## YOUR OBJECTIVE
Your task is to retype the lines from the opening of the material through the line that includes "400分:排第27016名;". Do not copy the pictures.
== DATASET RECORDS
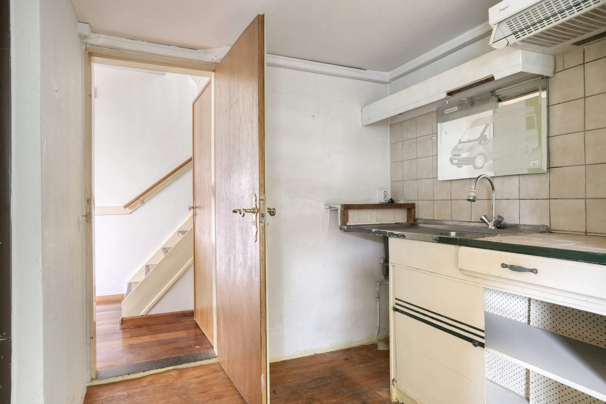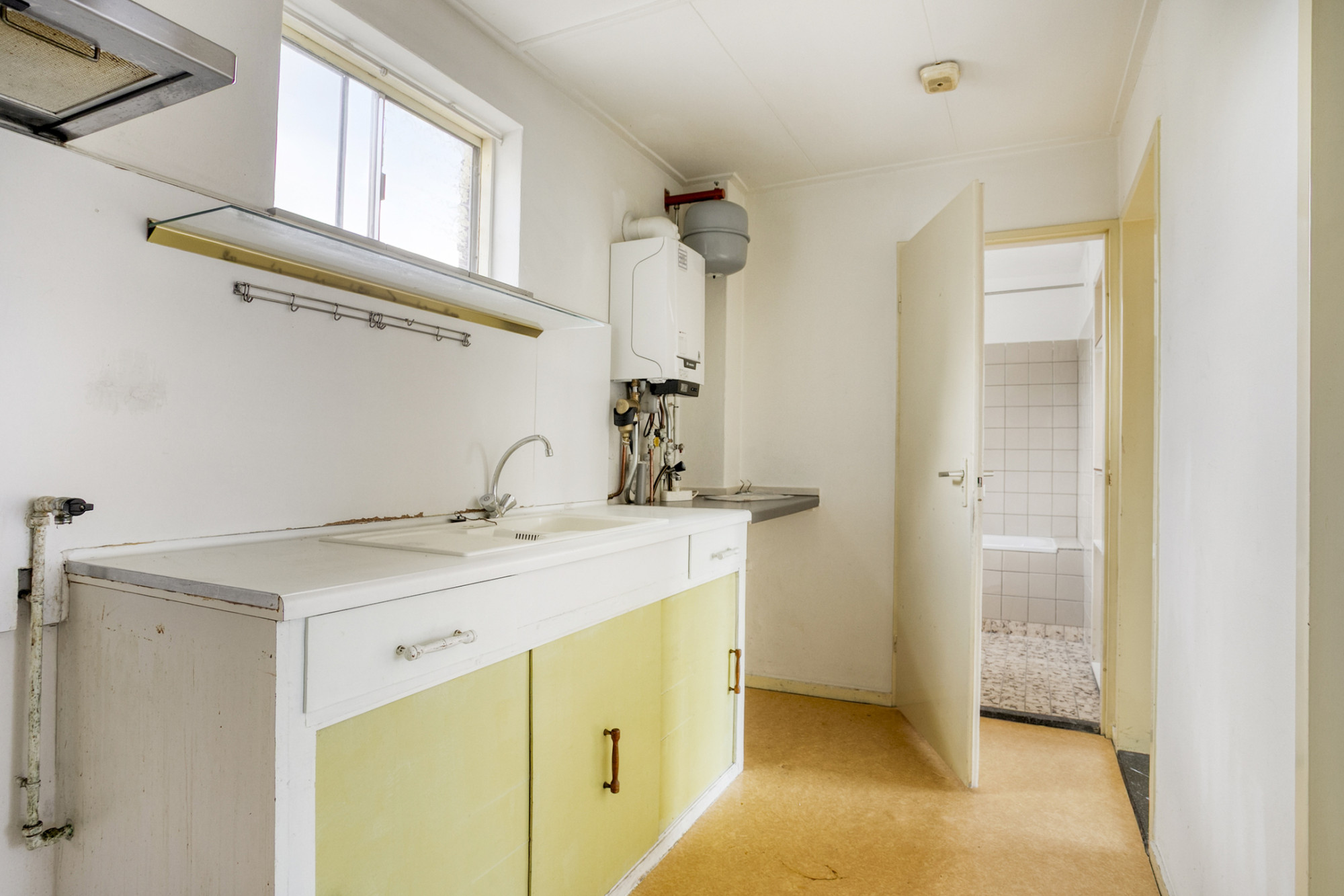 De keuken is direct vanuit de woonkamer toegankelijk. De keuken is eenvoudig uitgevoerd en voorzien van een rechte opstelling met spoelbak en kastruimte. Vanuit de keuken is er toegang tot de tuin.
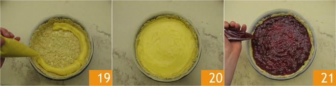 Preencha a forma com o creme pasteleiro 19, se preferir, você pode usar um saco de confeitar para nivelar com uma espátula 20. Cubra com a geleia de morango, usando também aqui um saco de confeitar 21 ou uma colher.
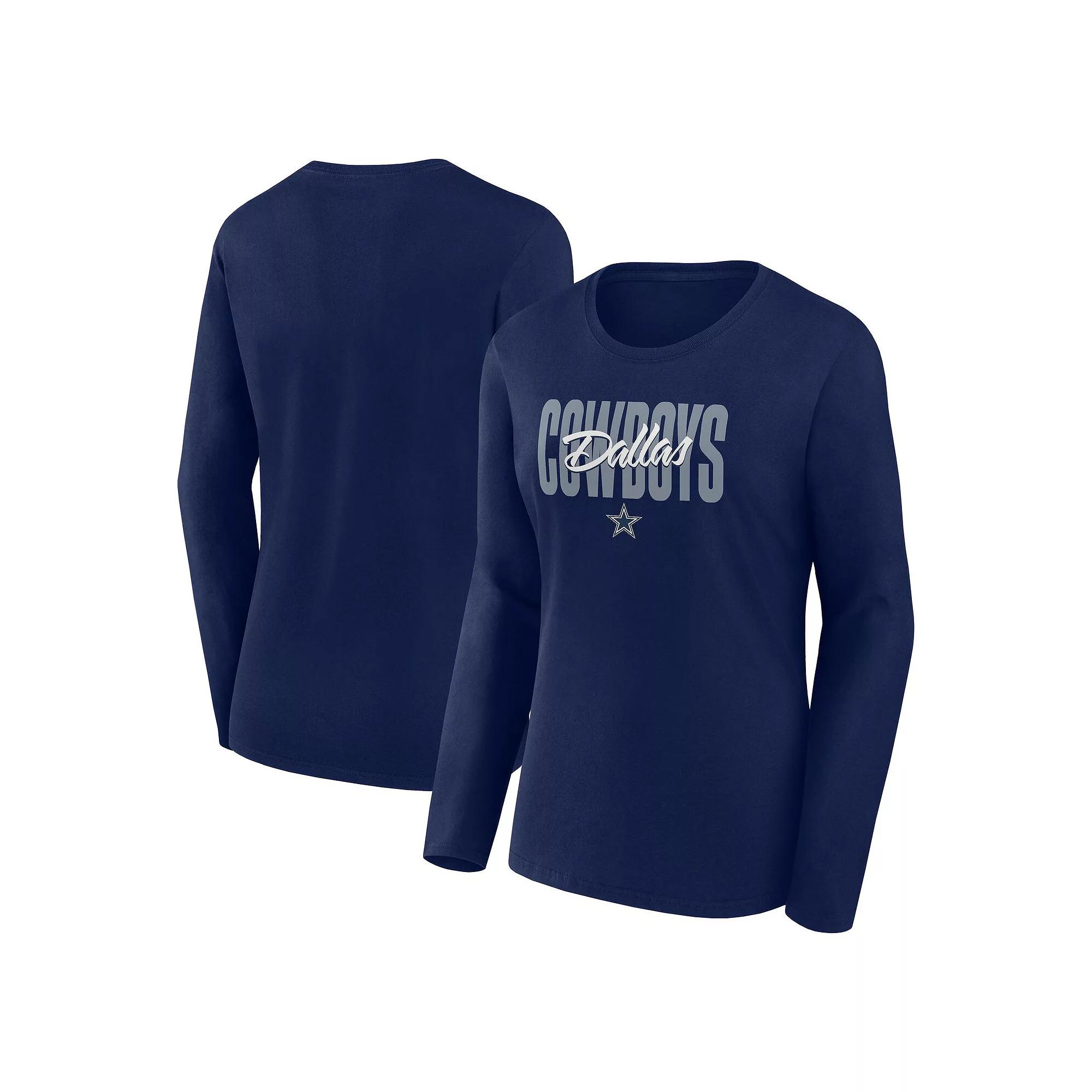 Women's Navy Dallas Cowboys Grip Long Sleeve T-Shirt,
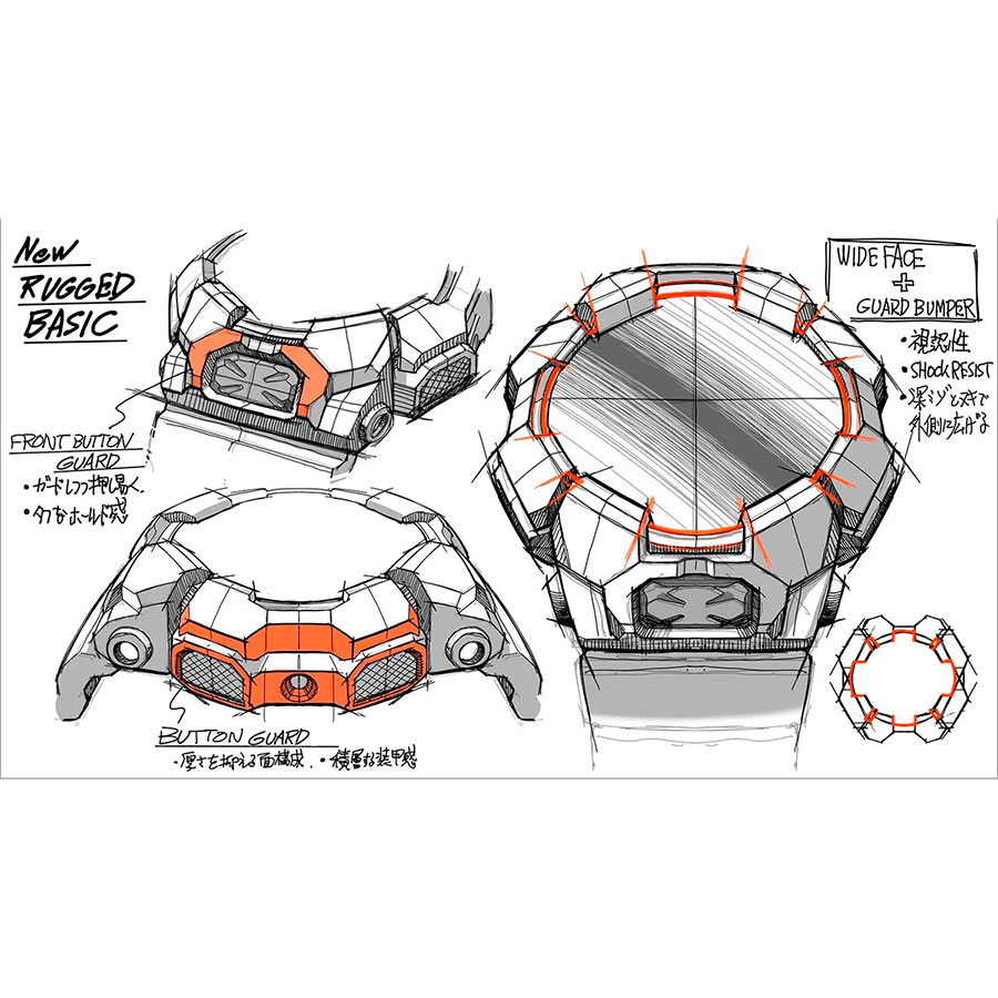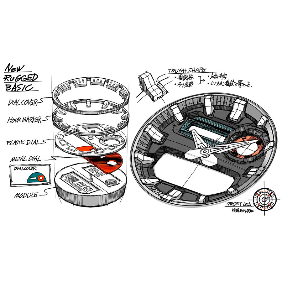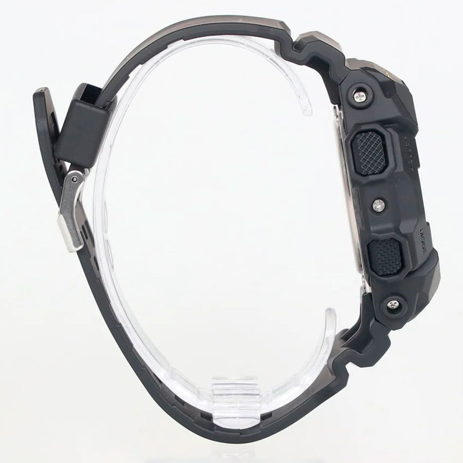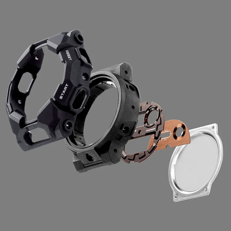 Корпус размером 51.9×55.1×17.5 мм. подчёркивает брутальный характер модели, а водонепроницаемость WR200 (20 атм) позволяет использовать часы при плавании и погружениях без опасений.
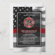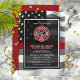 Convites de festas de aposentadoria elegantes e bombeiros que você pode personalizar para sua próxima celebração. Este design apresenta a fina bandeira vermelha do bombeiro com uma cobertura com uma borda prateada, e um emblema metálico metálico de malteses para o departamento de bombeiros da cidade.
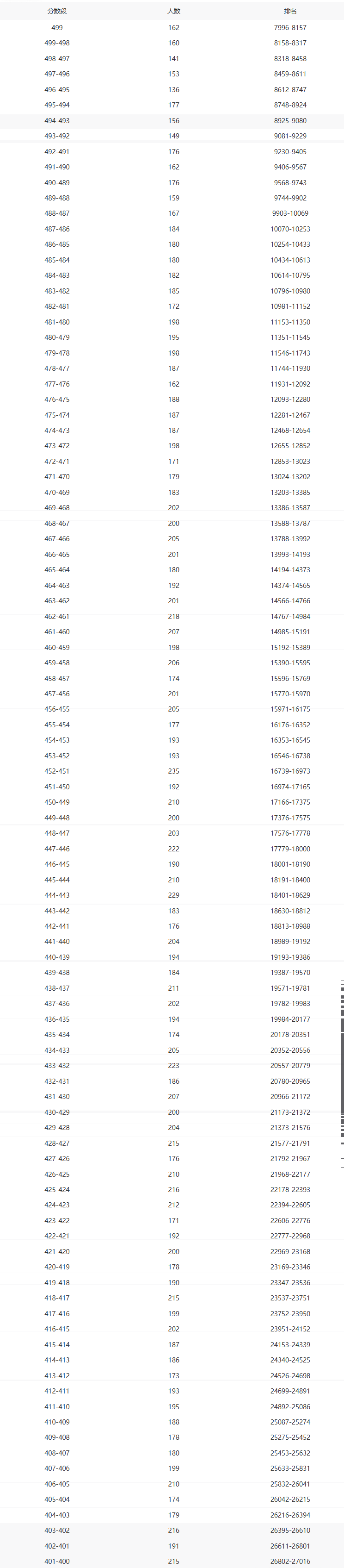 400分:排第27016名;
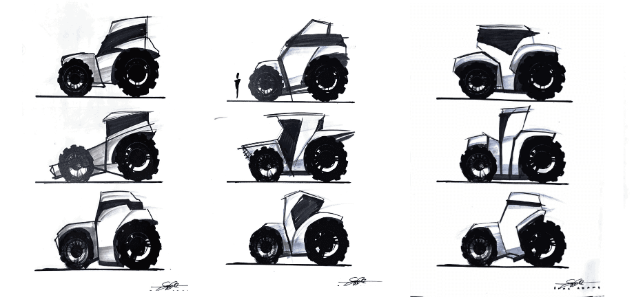 This is an electric utility vehicle designed for usage on vineyards. It performs tasks such as administering pesticides, harvesting crops, all while navigating narrow rows. The compact design is optimal for energy usage, control, and efficiency.
====
## WRITTEN RESPONSE
 De keuken is direct vanuit de woonkamer toegankelijk. De keuken is eenvoudig uitgevoerd en voorzien van een rechte opstelling met spoelbak en kastruimte. Vanuit de keuken is er toegang tot de tuin.
 Preencha a forma com o creme pasteleiro 19, se preferir, você pode usar um saco de confeitar para nivelar com uma espátula 20. Cubra com a geleia de morango, usando também aqui um saco de confeitar 21 ou uma colher.
 Women's Navy Dallas Cowboys Grip Long Sleeve T-Shirt,
 Корпус размером 51.9×55.1×17.5 мм. подчёркивает брутальный характер модели, а водонепроницаемость WR200 (20 атм) позволяет использовать часы при плавании и погружениях без опасений.
 Convites de festas de aposentadoria elegantes e bombeiros que você pode personalizar para sua próxima celebração. Este design apresenta a fina bandeira vermelha do bombeiro com uma cobertura com uma borda prateada, e um emblema metálico metálico de malteses para o departamento de bombeiros da cidade.
 400分:排第27016名;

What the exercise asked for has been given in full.